Parts B and D - Medical Insurance

Parts B and D - Medical and Drug coverages are optional or voluntary coverage that can be obtained during an "Initial Enrollment Period," during a "Special Enrollment Period" or during a ""General Enrollment Period." The rules differ with respect to each enrollment period. See Medicare -- Schedule of Benefits for a description of what Parts B and D cover. See Medicare Premiums for a discussion of the cost of Parts B and D, and help in paying that cost.

Initial Enrollment Period is the four months before and three months after the month that you turn 65.

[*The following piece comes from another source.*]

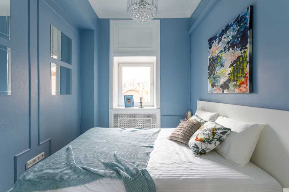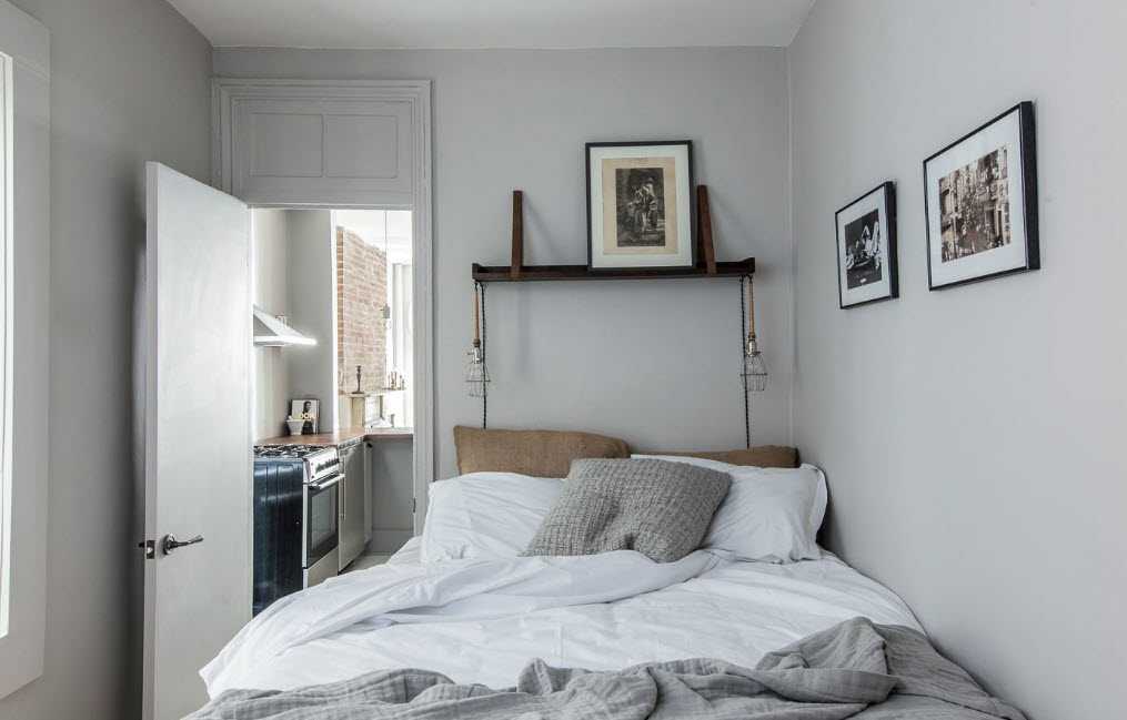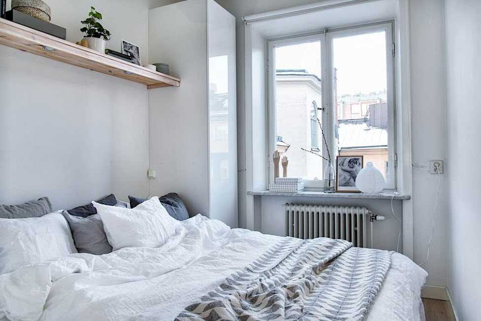 Если комната не только очень маленькая, но и узкая, не нужно ставить кровать поперек комнаты. В этом случае ее придется ставить таким образом, чтобы она не мешала при вдохе в помещение. При этом многое зависит от расположения дверного проема и радиаторов. Скажем, при всем желании нельзя поставить кровать у окна, если под подоконником батареи.

General Enrollment Period is available January 1 through March 31 each year if you did not enroll during the Initial Enrollment Period or declined it when you were automatically enrolled. People who enroll during this period generally must pay a penalty. To learn more, see: Medicare Premiums.

Special Enrollment Period is available when you did not enroll in Part B Medical Insurance because you were covered by an employer or union group health plan when you declined Part B coverage.

There is generally no penalty added to the premiums for enrolling in Part B during the Special Enrollment Period.

If you weren't a member of an employer or union group health plan, and decided not to take Part B or dropped it, you can only get Part B during a General Enrollment period, and will probably have to pay a penalty.

Under the Special Enrollment Period, you may enroll:

  • Anytime you are still covered by the employer or union group health plan through you or your spouse's current or active employment, or
  • Within 8 months of the date when the employer or union group health plan coverage ends, or the employment ends, whichever is first. The 8 month period is counted starting the month after coverage or employment ends, whichever ends first. For example, if your group coverage stops on June 10, 2010 the 8 month enrollment period will end the end of February 2011, which is 8 months from July 1, 2010. (To avoid a gap in coverage, you can apply for Medicare up to 3 months before you become eligible.)

Your right to a Special Enrollment Period lasts as long as you are covered under an employer group health plan. For example, if you originally enrolled in Part B and later realized you didn't need it because of your employer group coverage, you can drop Part B and still have a guaranteed right to add it back without penalty just before the employer group coverage ends.